§ **TASK DESCRIPTION**
Skip the pictures and write out, word for word, the lines below from the one with "2、点击蓝色棋子,让它完成一次跳跃,单跳模式下,有相邻紧挨的棋子才可以跳跃哦!" through the one with "丽都社区12月27日下午,邙", inclusive.

§ **DATA FOR THE TASK**

- - -

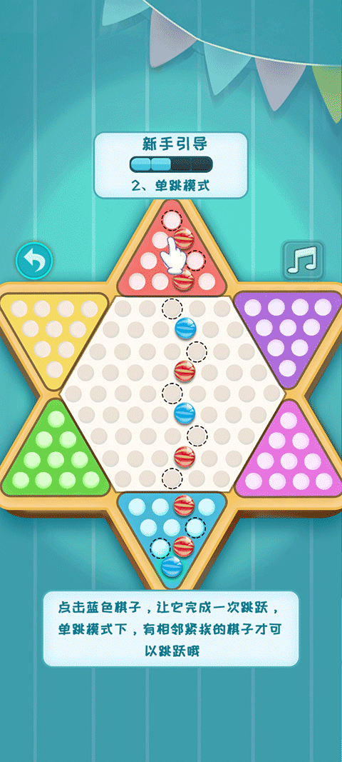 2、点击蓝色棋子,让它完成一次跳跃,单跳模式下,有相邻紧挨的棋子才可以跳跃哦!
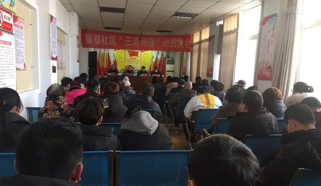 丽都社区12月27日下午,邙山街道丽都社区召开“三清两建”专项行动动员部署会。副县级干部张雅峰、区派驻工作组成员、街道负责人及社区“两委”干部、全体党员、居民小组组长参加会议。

- - -

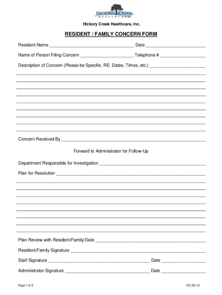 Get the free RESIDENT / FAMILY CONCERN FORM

- - -

§ **TASK SOLUTION**
 2、点击蓝色棋子,让它完成一次跳跃,单跳模式下,有相邻紧挨的棋子才可以跳跃哦!
 丽都社区12月27日下午,邙山街道丽都社区召开“三清两建”专项行动动员部署会。副县级干部张雅峰、区派驻工作组成员、街道负责人及社区“两委”干部、全体党员、居民小组组长参加会议。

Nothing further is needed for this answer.